Ricardo Martin Gomez (2) , Roberto Gabriel Pozner (1), Maria Angela Lazzari (1) , Lina Paola D’Atri (1) , Soledad Negrotto (1) , Ana Marisa Chudzinski-Tavassi (3) , María Isabel Berría (2) , Mirta Schattner (1)
(1) Department of Thrombosis and Hemostasis, Hematological Research Institute, National Academy of Medicine, National Research Council (CONICET), Buenos Aires, Argentina (2) Department of Microbiology, Faculty of Medicine, University of Buenos Aires

Summary

Hematologic involvement is the main feature of Argentine hemorrhagic fever (AHF), an endemo-epidemic disease caused by Junin virus (JV). Since endothelial dysfunction could play a role in AHF-altered hemostasis, we studied human umbilical vein endothelial cell (HUVEC) infection with a virulent (JVv) and a non-virulent (JVa) JV strain. Cells were infected by the two JV variants with no detectable apoptosis or cytopathic effect. Both viral variants up-regulated ICAM-1 and VCAM-1 levels, while von Willebrand factor (VWF) production was decreased.

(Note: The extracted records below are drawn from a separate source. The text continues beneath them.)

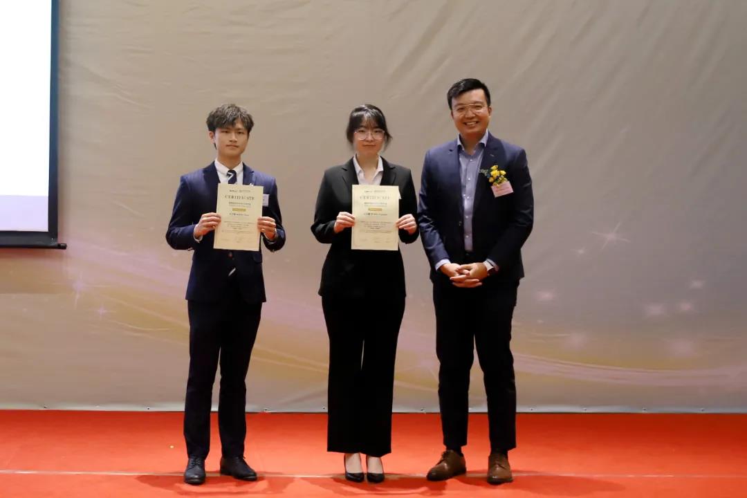 蜜蜂科技联合创始人林鸿为王月娇以及其他获奖者颁发蜜蜂科技Beeplus奖学金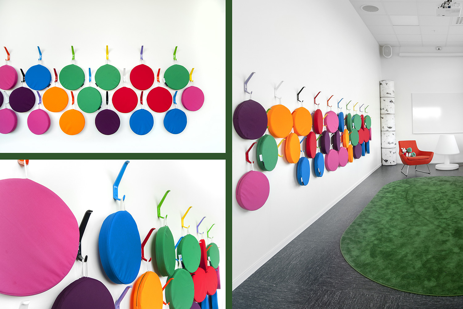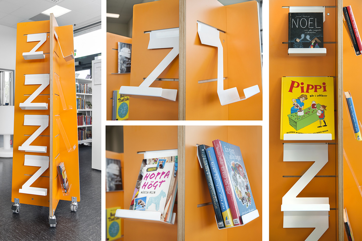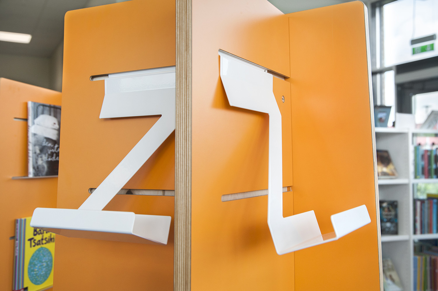 Das Regalsystem ist zur Erhöhung der Flexibilität teilweise mit Rollen ausgerüstet. Die fahrbaren Regale ermöglichen es, dass Teile des Raumes für unterschiedliche Veranstaltungen genutzt werden können. Die Seitenwände werden zum einen als Eureka Recherchestationen und zum andern für die Beschriftung genutzt. Quattro Displaytürme in Weiß und Orange in zwei unterschiedlichen Höhen präsentieren Neuheiten und Themen, um Interesse zu wecken.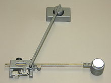Polarplanimeter, rechts der Fahrstift mit Lupe, links die Rolle mit Zählwerk, oben der während der Messung feste Pol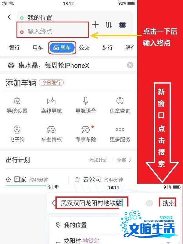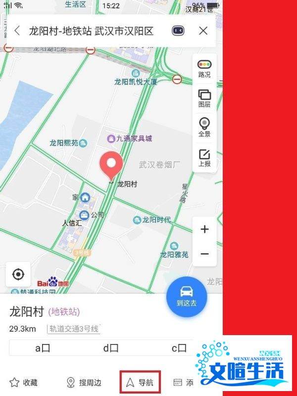 在界面上方的搜索框中输入要去的目的地名称(如“龙阳村-地铁站武汉汉阳”)。输入后会出现多种交通方式选项,包括步行、骑自行车、驾车、公交等,根据需求选择。若选择公交,会显示具体乘车路线及上下车站点;此处以驾车为例。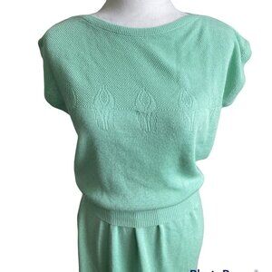 DUET Vintage 2 Piece Knit Skirt Set Mint Green Pastel US S/M
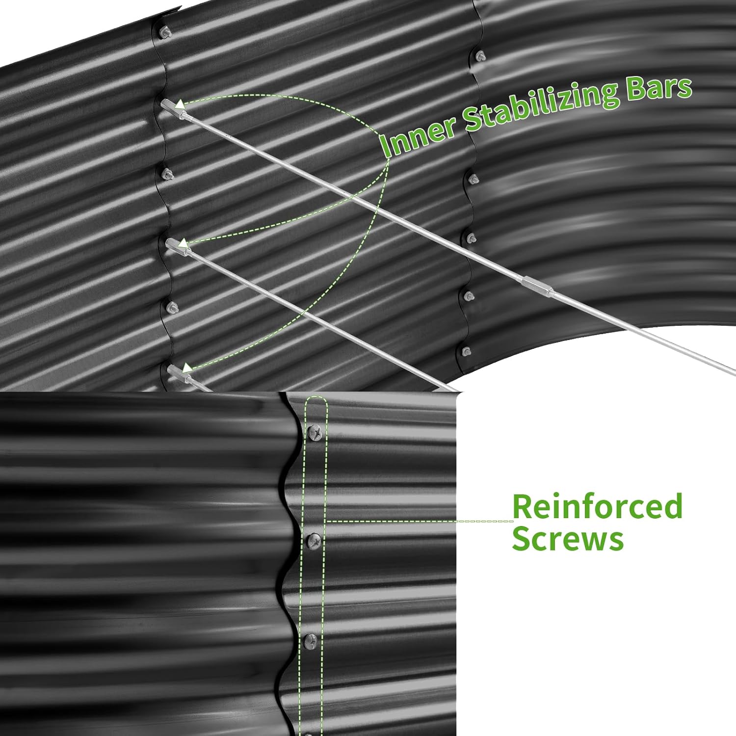 Land Guard 8x4x3ft Oval Galvanized Raised Garden Beds, Large-Capacity Metal Planter Box Outdoor, Durable Deep Raised Garden Bed 3ft Tall, Raised Beds for Gardening Vegetables, Dark Grey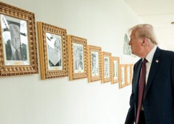 Trump instala placas en los retratos de Biden y Obama que los ridiculizan

Prostacyclin (PGI2 ) release and decay accelerating factor (DAF) expression were greater in JVv- than in JVa-infect-ed or control cells. Furthermore, nitric oxide (NO) production and endothelial nitric oxide synthase (eNOS) expression was only raised in JVv-infected supernatants. Significant NO and PGI2 values were also detected in AHF patient sera. These data demonstrate that endothelial cell responses are triggered subsequently by JV infection, suggesting that such alterations play a major role in the pathogenesis of AHF and perhaps in other viral-induced hemorrhagic diseases.